Heloise’s love, her insights, her ambitions, her entreaties, and the events themselves are wrought skilfully into a language that is accessible to our modern minds while imitating faintly a medieval style of expression, an effect that is sustained throughout the text without ever sounding forced:
He prophesied a future for me golden and bejewelled
Like the fair heavenly Jerusalem
But all I felt was the unused to warmth of his caress
And when I kissed his ring
I made a silent vow:
I would not be a nun or learned Abbess
I would be learned, of course,
But, though a woman, I would find another way.
Verse by verse, we are taken through the painful journey of love – body and soul – into the lovers’ separation, followed by disaster when Abelard is castrated by order of Heloise’s guardian as revenge for seducing and marrying her in secret. Early on in the collection, Heloise describes the embodied experience of her love for Abelard:
I am adrift
I am aflow
I’m me – and more than me
I’m matched and mated
But all too soon she feels alarm at Abelard’s subtle drawing back:
But I can’t reason with a razor’s edge
Or have your categories plague
The living touch out of my speech.
And much of the power of these verse letters lies in the tension that Kuzminsky’s sometimes blunt, sometimes wistfully idealistic lines convey as Heloise oscillates between celebrating her love and bemoaning the gradual betrayal of it:
I thought we were beyond misunderstandings
That you should think I should need proof of you
Of your fidelity
(or maybe it is you who wanted proof of mine?)
Means to me that we are no longer one
Heloise fears the betrayal not of Abelard the man so much as his conditioned mind, the intellect’s ability to rationalise away the reality of physical and spiritual union.
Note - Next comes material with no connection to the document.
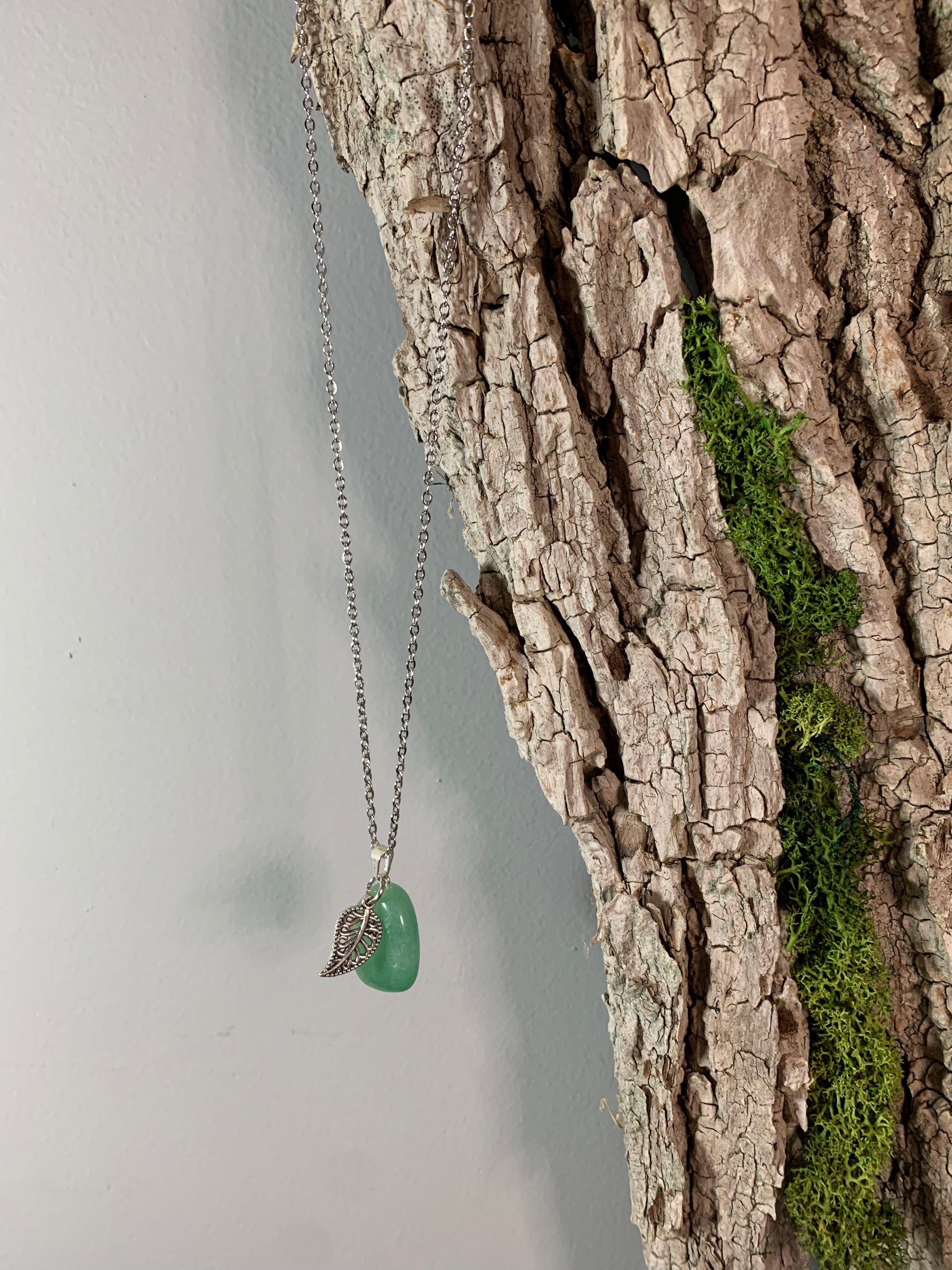 Green Aventurine Necklace with Leaf Charm 18”

But, after Abelard’s terrible maiming, Heloise wonders if she herself was not to blame:
What prompted me
To marry you and bring about your fall?
Now claim your due, and see me gladly pay …
So ends Part I, in which Heloise speaks as student and lover. In Part II she is scholar and abbess, and what she ‘pays’ for Abelard’s ‘fall’ is to enter a convent where
Years darken the threshold of my cell
In a monotonous procession.
The former lovers continue their correspondence, but Heloise’s oscillation from love
to loss intensifies as present events give way to memories and hopeless longing for the past. These stunning lines convey her anguish:
I’d swallow up the universe in that hole
And crush all particles till they released their light-filled essence
And then I’d swallow that light too
And still it would not still nor sate me
All the passion in the universe flows through her but she cannot reach back to what used to be, expressed again brilliantly in this stark, poignant counterpoint:
You knew how to speak true
Once
While in beautiful, swift imagery Kuzminsky evokes the barren convent and Heloise’s desolation:
Your words to me are colder than
A bare stone floor
And just as comfortless
As sleet in winter
Even as she achieves renown and status as abbess, Heloise’s story of agony and ecstasy rolls on through her reflections. And perhaps Kuzminsky’s greatest achievement in this finely crafted retelling is to convince us – after so much turbulence – of the peace that the elderly Heloise, her hair now ‘pristine white’, finds as she contemplates her life and her love one final time:
At last, now, I know better.
I should have loved you even more,
With more surrender, greater selflessness,
For when I measure up my love to Christ our God
And to Our Lady’s love for Him,
Her Son, Whom She knew dying, broken,
buried by Her hand
I’m but a tiny midge
Caught up in a huge swarm
And all my suffering could never merit
The joy of knowing that I knew a little
What Love is
Through this, my love for you.
The skill and beauty of this telling is in itself a substantial accomplishment. But Heloise Speaks also offers the modern psyche vital nourishment through the expression – and reminder – of the sacred power of feminine passion.
Heloise was exceptional in her time for her achievements. Throughout these verse letters she ponders her roles of scholar, lover, wife, mother, abbess. Although our own stories may not be as dramatic – usually nowhere near as tragic – we also balance love, marriage, motherhood, and career or artistic calling and find that we are not fully any one aspect. Gradually – and often catalysed by passionate love for another – we free up from our roles and our heartbreaks and embody the lightness of love:
For I am Woman
Holy Spirit
Shekinah
Sophia
Mary
Eve
Mysterious Dove
Wings strong enough to break through any cage
Heloise Speaks: A Verse Novel was published by Amethyst Press in 2022. Irina Kuzminsky is also the author of Dancing with Dark Goddesses. Diana Durham's most recent collection of poems is Labyrinth.